18. The method of claim 1, wherein the method comprises splitting a sample into microfluidic partitions in a digital PCR (dPCR) system and reading signatures from each partition at each PCR cycle or after performing PCR to detect target nucleic acids.

19. The method of claim 1, wherein the target analytes comprise microbes associated with urinary tract infection, bacterial biofilms in chronic wounds, sepsis, meningitis, or a human microbiome.

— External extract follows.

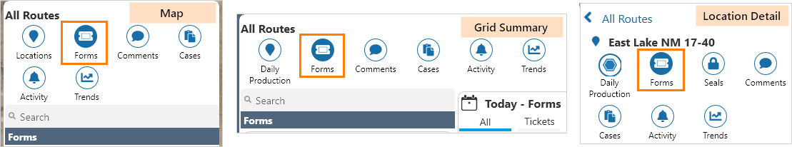 Select Forms on the Navigation Ribbon in Map, Grid Summary, or Location Detail.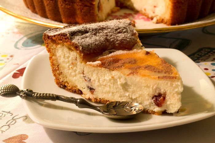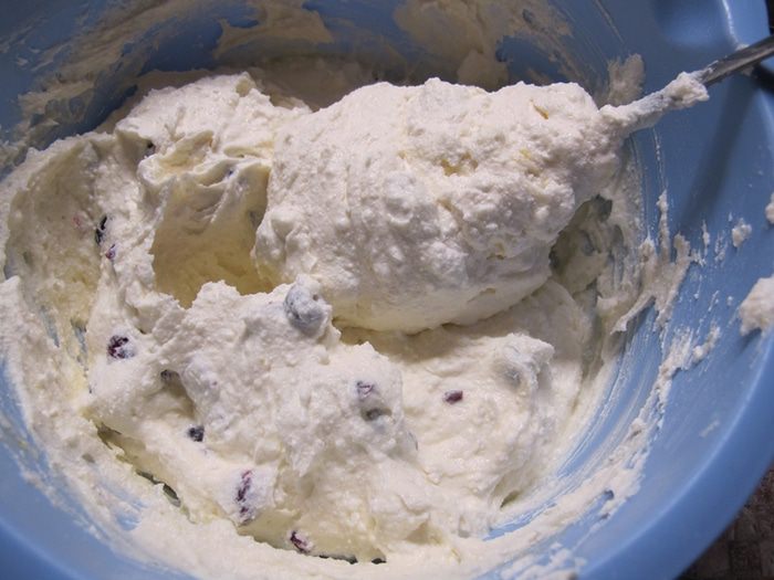 Затем добавляем вяленую вишню или изюм, по желанию.

20. A method for evaluating a candidate solution for the target analyte quantities or concentrations in a sample that has been split into multiple partitions and reporting whether the sample contains an exogenous analyte beyond the set of target analytes comprising: (d) a modeled probability distribution for the measurements in each partition that are conditional on the analyte quantities the sample and the subset of sensors applied in the partition;(e) evaluating the expected distribution of measurements based on the modeled probability distribution and the candidate solution;(f) comparing the expected distribution of measurements against the distribution of observed measurements obtained from the partitions, wherein a sufficient difference in the expected and observed distributions identifies the candidate solution as containing an exogenous analyte.